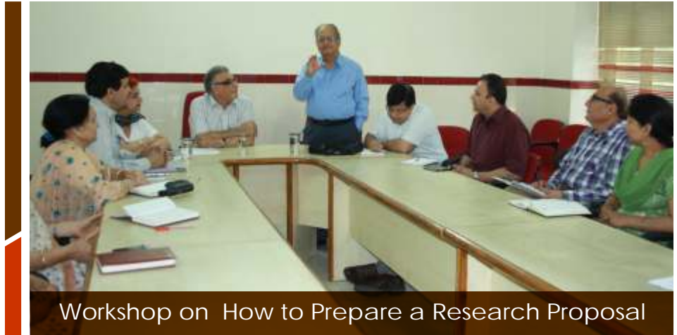
Workshop on How to Prepare a Research Proposal
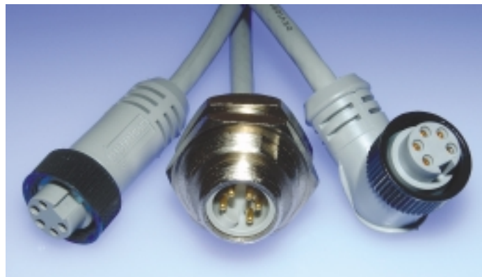
Back Panel Mount Mini-Change® connectivity brings DeviceNet "plug-and-play" connectivity into and out of the enclosure

The Brad Harrison® line up of DeviceNet media is the standard by which all other DeviceNet connection media are measured. We pioneered the market for miniature industrially rated sealed connectors presenting the first quick disconnect alternative to hardwiring. Today Brad Harrison products bring this same quality and durability to the same connectors used in DeviceNet networks. Choices and feature-rich products make them reassuring to specify as part of your DeviceNet system. From tees, splitters and passive boxes, diagnostic aids such as the Power Monitor tees, to the simple-to-use handheld diagnostic Netmeter, Brad Harrison is your choice for DeviceNet infrastructure products.
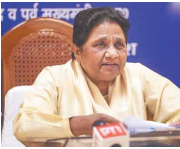
Bahujan Samaj Party president Mayawati addressing a press conference in Lucknow on Saturday

Bahujan Samaj Party (BSP) chief Mayawati on Saturday accused the BJP and Samajwadi Party (SP) of being "hand in glove" in the run-up to the November 13 bypolls to nine Assembly constituencies in Uttar Pradesh in which the BSP is going solo on all seats. Addressing a press conference here, the former UP chief minister also slammed the two parties for their "misleading" slogans — BJP's 'Batenge toh Katenge' (divided we fall) and SP's 'Judenge toh Jeetenge' (united we win) — and said these are designed to divert people's attention from the real issues.
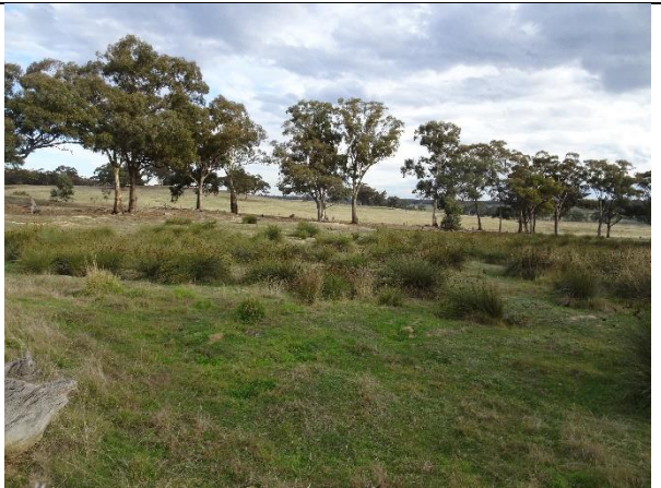
Looking across the tailings dam area. The Petersen property is beyond the tree line which marks the property boundary fence.
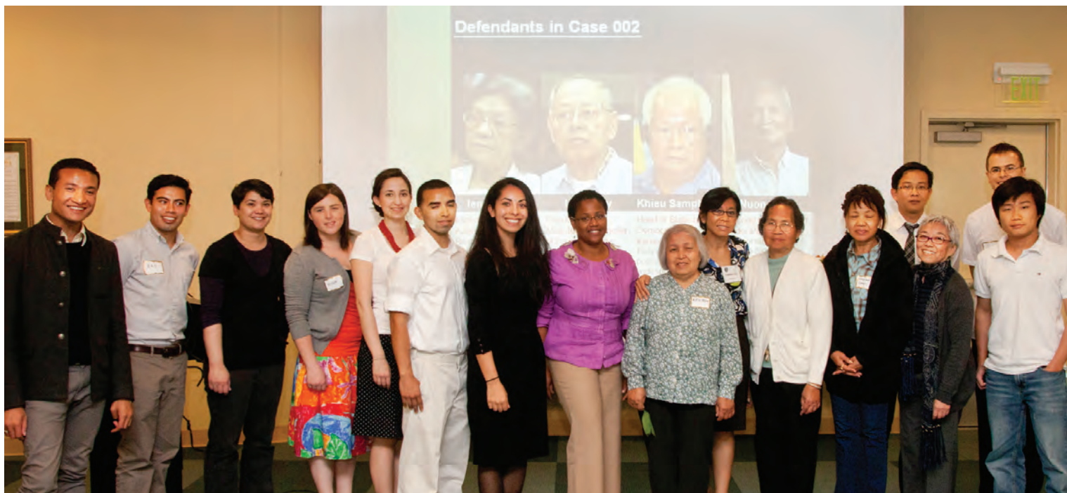
CJA and ASRIC with Cambodian survivors after the forum in Long Beach, CA.
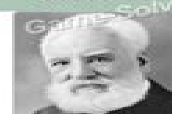
Alexander Graham Bell Alexander Graham Bell

____________________

** What to do **
From the listing above, restate verbatim the lines running from the one with "Back Panel Mount" through the one with "Bahujan Samaj Party president", inclusive, but not the pictures.

** Task answer **
Back Panel Mount Mini-Change® connectivity brings DeviceNet "plug-and-play" connectivity into and out of the enclosure

The Brad Harrison® line up of DeviceNet media is the standard by which all other DeviceNet connection media are measured. We pioneered the market for miniature industrially rated sealed connectors presenting the first quick disconnect alternative to hardwiring. Today Brad Harrison products bring this same quality and durability to the same connectors used in DeviceNet networks. Choices and feature-rich products make them reassuring to specify as part of your DeviceNet system. From tees, splitters and passive boxes, diagnostic aids such as the Power Monitor tees, to the simple-to-use handheld diagnostic Netmeter, Brad Harrison is your choice for DeviceNet infrastructure products.
Bahujan Samaj Party president Mayawati addressing a press conference in Lucknow on Saturday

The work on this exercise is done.